With this new information, we called a family meeting to brainstorm the plusses and minuses for going back to school versus homeschool.

Here is our brainstorm:

The kids voted unanimously for home schooling before the meeting but Kesler was more open to either option after looking at the list. Todd switched in favour of homeschool. Rebecca and Ashlyn remained in favour of homeschool.

Our diagram depicts the following

  • Home schooling holds the majority on the plus side including flexibility and stability
  • Going to school has a couple of very big minuses; the biggest two being 1. going back to school may not be the answer to socialization and interaction that we think of when we think of going to school normally, and 2. there may be disruption to the school year at any time due to illnesses, if someone in your cohort tests positive, or if for some reason we go back to the type of necessary quarantine that we endured in the spring. 
  • Home schooling also had the most minuses such as keeping the house clean and nagging the kids to do their work.

It appeared as though we were all ready to take on a new experience for 2020-2021 so from there, we had to take care of business. The biggest order of business was getting our kids on board with the responsibility to which they were committing and taking care of the mental health of our family as a whole in prolonged close quarters. For that we drafted this letter of commitment:

Other solutions we came up with:

-Classes to be spread out between two families and four parents for three kids. 

-Scheduled breaks for parents, to tag team off duty

-Regular date nights. 

-Learning resources that do not require parent participation: IXL Math, outschool.com, Cynthia Sonheim art https://www.youtube.com/playlist?list=PLroCMySQv0JOpI_S8mPiBCHw7MZpt5BC4 and Epic! books.

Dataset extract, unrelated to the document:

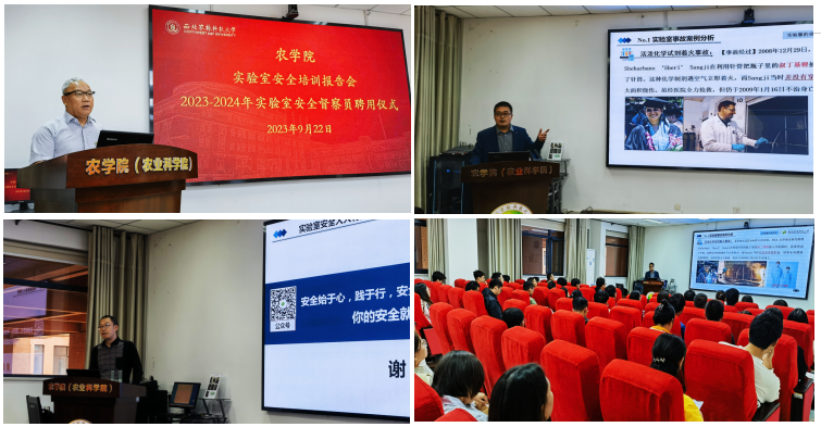 为持续提升农学院实验室安全管理水平,加强实验室安全督导,及时消除安全隐患,营造良好的实验环境和学习环境,我院于9月22日举办农学院实验室安全培训报告暨2023年-2024年学实验室安全督察员聘用仪式。实验室安全与条件保障处副处长纪克攻、农学院党委书记张海成,学院安全督导小组教师及研究生50余人参加会议,副院长王磊主持会议。
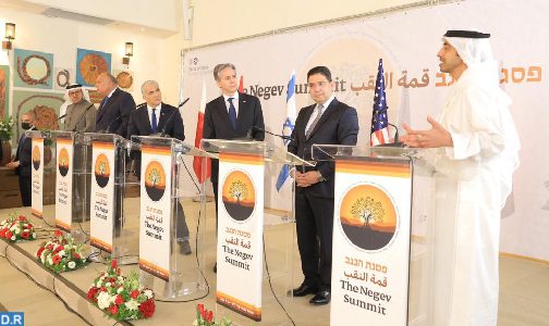 دعا وزير الشؤون الخارجية والتعاون الإفريقي والمغاربة المقيمين بالخارج، السيد ناصر بوريطة، لضرورة بناء دينامية جديدة للسلام واتخاذ خطوات ملموسة تفتح آفاقا واعدة لكافة شعوب منطقة الشرق الأوسط. وقال السيد بوريطة اليوم الاثنين في مؤتمر صحفي مشترك عقب القمة الدبلوماسية، التي جمعت على مدى يومين بالنقب جنوب إسرائيل، وزراء خارجية الولايات المتحدة وإسرائيل والمغرب والبحرين ومصر والإمارات،”يتعين علينا بناء دينامية وفق خطوات ملموسة تشعر بها الشعوب وتساهم في تحسين حياة العالم وتفتح، فضلا عن ذلك، آفاقا واعدة لشباب ولشعوب منطقتنا”.

While we are now fully engaged in the exciting world of our kids learning organically and intentionally from us this year there are some areas of worry such as, will they transition easily back into school next September, will we be equipped to handle all the areas they need to cover, and will we make it to June without destroying each other and our home? It’s easy to let the worries take over when I’m alone with my thoughts but thankfully I have a wonderful community of educators that I can reach out to and friends that I can chat with about anything. And we’re talking about grade 4 and grade 6 here; it’s not rocket science… (unless we want it to be)!